This email draft is ready to copy-paste and send to the counterparty. No more staring at a contract wondering what to push back on.

Demo 2: Full Pipeline with the Demo Script

The project includes a PowerShell demo script (demo.ps1) that runs the complete pipeline — analyze both versions, then compare:

.\demo.ps1 -Baseline .\baseline.pdf -Revised .\revised.pdf

This executes 3 steps automatically:

Step 1: Analyze the baseline contract → produces risk scores, missing protections, negotiation draft
Step 2: Analyze the revised contract → same analysis on the new version
Step 3: Compare both → generates a delta report

Comparison Output:

╭─────────────────── Comparison ───────────────────────╮
│ Baseline: baseline.pdf                                │
│ Revised: revised.pdf                                  │
╰──────────────────────────────────────────────────────╯
╭─ Baseline Risk ─╮ ╭─ Revised Risk ─╮ ╭─ Risk Delta ─╮
│       17        │ │       17       │ │      +0      │
╰─────────────────╯ ╰────────────────╯ ╰──────────────╯
╭─ Baseline Leverage ─╮ ╭─ Revised Leverage ─╮ ╭─ Leverage Delta ─╮
│         60          │ │         60         │ │        +0        │
╰─────────────────────╯ ╰────────────────────╯ ╰──────────────────╯

The comparison engine uses smart clause matching (70% title similarity + 30% text similarity) to pair clauses across versions and flag:

NEW_RISK — new high-risk clauses or risk increases ≥20 points
EXPANDED_LIABILITY — new liability expansion language detected
EXTENDED_NON_COMPETE — duration increases (parses days/months/years)

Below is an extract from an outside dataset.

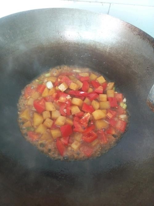 4、放入土豆翻炒,加入柿子椒翻炒。
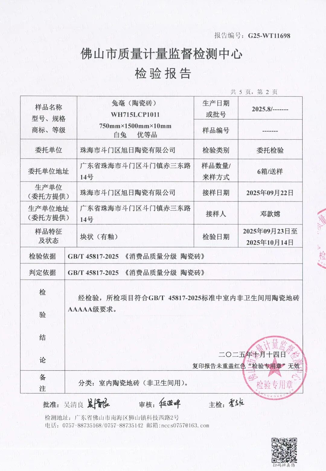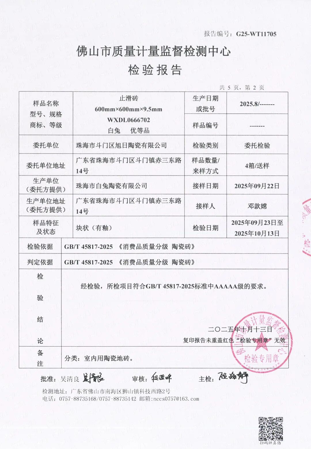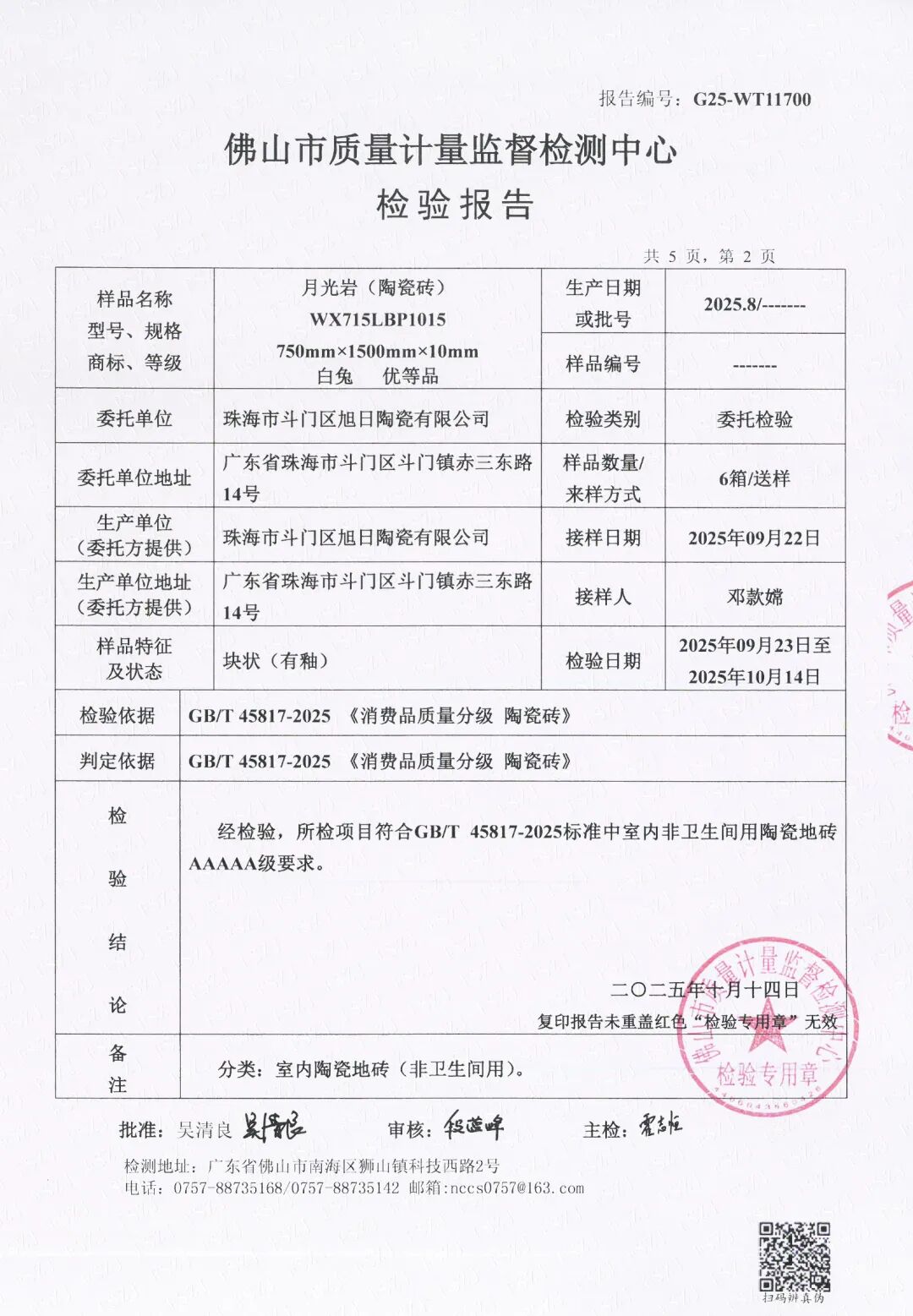 在“双品驱动,三砖融和”的品牌战略指引下,将墙地砖、马赛克、外墙砖三大品类纳入统一品质管理框架,打破传统品类壁垒,更搭建起“原料 - 生产 - 检测 - 应用”的全流程追溯机制,全面保障产品品质与系统服务能力。对我们来说,通过5A检测是荣誉加冕,更是核心竞争力的印证,也是对白兔追求高质量发展的认可和肯定。

Demo 3: JSON Artifact Export

Every analysis produces structured JSON artifacts for downstream workflows:

python -m realitycheck_cli analyze .\contract.pdf --json-output .\artifacts\contract.analysis.json

{
  "summary": {
    "overall_risk_score": 40,
    "power_imbalance_score": 41,
    "ambiguity_index": 5,
    "protection_coverage_score": 15,
    "leverage_index": 54,
    "missing_protections": [
      "payment_timeline",
      "cure_period",
      "liability_cap",
      "breach_notification_window",
      "ip_retained"
    ]
  },
  "negotiation_email": "Subject: Proposed revisions for contract..."
}

Each clause includes its category, risk score, risk level, signals, rewrite suggestion, and negotiation points — fully structured for integration into legal tech workflows, dashboards, or review pipelines.

Demo 4: LLM-Enriched Analysis (Optional)

For deeper analysis, plug in Google Gemini:

$env:GEMINI_API_KEY = "your-key"
python -m realitycheck_cli analyze .\contract.pdf --use-llm

The LLM enrichment adds structured signals on top of the heuristic baseline — it doesn't replace the pattern engine, it supplements it. Signals from both engines are merged with deduplication.

Commands Quick Reference

Command	What it does
`python -m realitycheck_cli analyze contract.pdf`	Analyze a single contract
`python -m realitycheck_cli analyze contract.pdf --use-llm`	Analyze with Gemini enrichment
`python -m realitycheck_cli analyze contract.pdf -j output.json`	Export JSON artifacts
`python -m realitycheck_cli compare baseline.pdf revised.pdf`	Compare two contract versions
`.\demo.ps1 -Baseline baseline.pdf -Revised revised.pdf`	Run full demo pipeline
`.\demo.ps1 -Baseline baseline.pdf -Revised revised.pdf -UseLLM`	Demo with LLM

My Experience with GitHub Copilot CLI

GitHub Copilot was my co-pilot throughout this entire build — from architecture decisions to implementation details.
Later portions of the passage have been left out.